Faster Bay Area is a November 2020 ballot measure proposed by a coalition of business lobbying groups to raise up to $100,000,000,000 over 40 years for transportation projects in the San Francisco Bay Area. Similar to the 2018 Regional Measure 3, the tax would require a bill to be passed by the California State Legislature authorizing its placement on ballots in all nine Bay Area counties. According to Silicon Valley Leadership Group (SVLG) CEO Carl Guardino, the goal of the tax is "to build a seamlessly integrated world-class transit system that serves the transit-dependent and lures the non-transit dependent out of their vehicles.”

== History ==
The proponents of Faster Bay Area, Silicon Valley Leadership Group, Bay Area Council, and the San Francisco Bay Area Planning and Urban Research Association (SPUR) were inspired by the passage of similar very large transportation taxes in Los Angeles (Measure M) and Seattle (ST3) in November 2016, and began meeting in January 2017 to formulate such a tax for the Bay Area.

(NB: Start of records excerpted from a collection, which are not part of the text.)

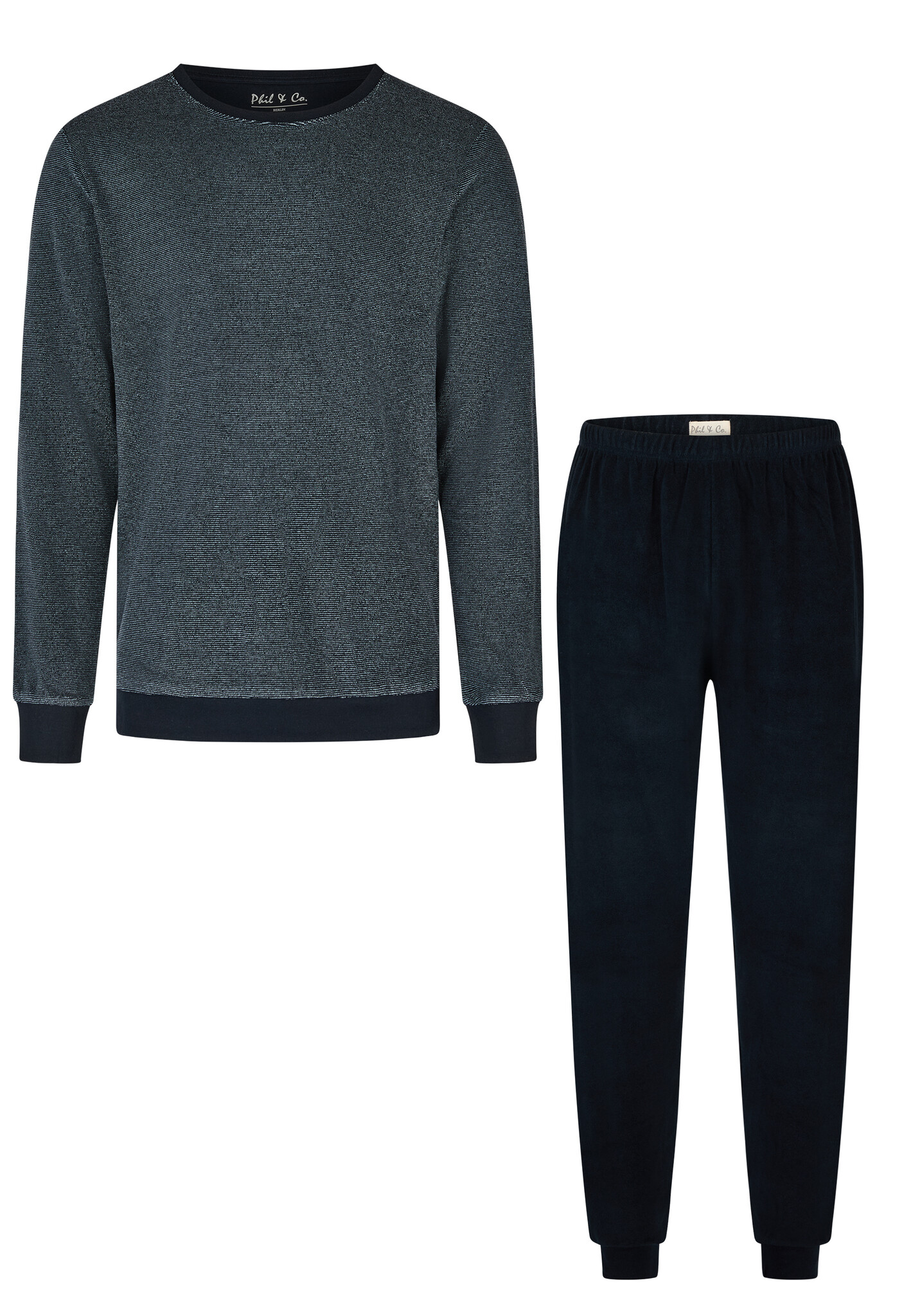 Phil & Co Heren Winter Pyjama Set Lang Badstof Blauw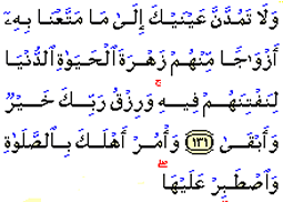ha Commentary: There is no reason why the artificial sheen of wealth and power should lure the believers. Whatever little they earn as a result of their sweat and toil is much better for honest and righteous people since it leads to their good in both worlds - the present and the next. The Prayer: a mean to change the perspective on life The believers are told to enjoin prayer on their household. This is likely to change their children's perspective on life, their values, and the focus of their attentions; a change that will make them satisfied with their lawfully earned livelihood, even if it be meagre. This will lead them to prefer a virtuous life ensuing from faith and godliness over a life of luxury and self-indulgence arising out of sin, disobedience and excessive worldliness. [Compiled from "Towards Understanding the Quran" by Sayyid Abul Ala Mawdudi, p. 243] |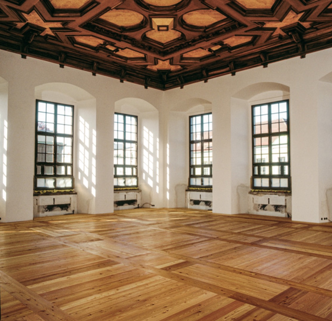 Neue Holzböden können je nach individuellen Wünschen versiegelt, also filmbildend geschützt, oder geölt werden, wenn Sie nicht werksseitig vom Hersteller vorbehandelt sind. Neuböden können natürlich auch nach alten Verlegemustern in Altbauten eingebracht werden, wie links zu sehen, im Rathaus Augsburg.

In December 2017 this business coalition announced that it would seek to place the tax proposal on Bay Area ballots in 2020, and that the measure would focus on creating transit hubs to connect major cities around the region by rail, building public transit options in communities that are currently underserved and expanding rail, bus and ferry networks. The business coalition hired SCN Strategies, now SCRB Strategies, a political campaign firm also employed by Governor Gavin Newsom and U.S. Senator Kamala Harris in their successful bids for elected office, to manage the Faster Bay Area campaign.

== Projects ==
Proponents of Faster Bay Area have provided few details on which projects the tax increase would actually fund, though high-cost highway and rail transit expansions have been the most frequently cited. The only "project list" so far provided at any public meeting is in fact a short list of project categories, presented by Valley Transportation Authority (VTA) Policy & Community Relations Manager Scott Haywood at the June 21 VTA Board of Directors. That list envisions $36,000,000,000, mostly highway traffic capacity expansion projects, for Santa Clara County, and does not consider any projects in other Bay Area counties.

== Polls ==
Polls conducted in February 2019 and commissioned by SVLG showed strong general support for the tax measure, with 71 percent of respondents indicating support for a one-percent sales tax to generate the $100,000,000,000 envisioned, and 64 percent of respondents supporting a $50,000,000,000 bond plus a 0.4 percent gross receipts tax on businesses. However, SVLG has been widely criticized for politically-motivated "push polling" for years, and was found to have overestimated support for the proposed 2020 Caltrain sales tax by 9 percentage points in May 2019.

== Public review ==
Despite the huge dollar amount and scope of the envisioned tax, Faster Bay Area has seen very little public review as of June 2019. The proposal was reviewed at a retreat of the Alameda County Transportation Commission (ACTC) on May 30, 2019, by the Valley Transportation Authority (VTA) Board of Directors on June 6, 2019, and on June 13, 2019 by the Bay Area Rapid Transit (BART) District Board of Directors.